Kemudian pada pembahasan orthodoksa menjabarkan bentuk dukungan tokoh B, C, dan D terhadap papan persimpangan. Tokoh yang paling menonjol tersebut meyakini kebenaran dari papan persimpangan karena merasa bahwa papan tersebut sudah lama berada di persimpangan. Tokoh B, C, dan D juga menganggap bahwa papan persimpangan itu sebagai satu-satunya pedoman bagi setiap orang yang ingin menuju ke surga. Peran papan persimpangan sebagai doksa, didukung dengan hadirnya tokoh-tokoh tersebut yang sejak awal mempercayai kebenaran papan persimpangan.
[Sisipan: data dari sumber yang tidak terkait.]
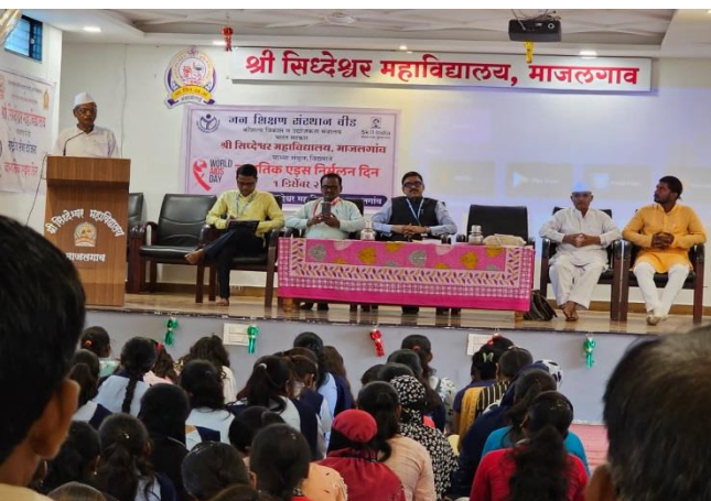
World AIDS awareness Day Programme

Pembahasan terakhir mengenai heterodoksa menjabarkan tokoh yang tidak mempercayai papan persimpangan yaitu tokoh A. Tokoh A adalah satu-satunya tokoh yang mempertanyakan kebenaran papan persimpangan. Ia merasa bahwa papan persimpangan itu rapuh dan tidak bisa dipercayai lagi kebenarannya.

Kebingungan yang dihadapi tokoh A juga membuatnya tidak bisa menentukan

arah menuju ke surga, ia merasa semua jalan itu benar dan mungkin juga tidak benar. Bahkan pada setiap babak, tokoh A selalu mempertanyakan kebenaran yang dianut oleh tokoh lain. Tokoh dapat dikatakan sebagai tokoh yang menolak hadirnya papan persimpangan dan tidak meyakini kebenaran papan persimpangan.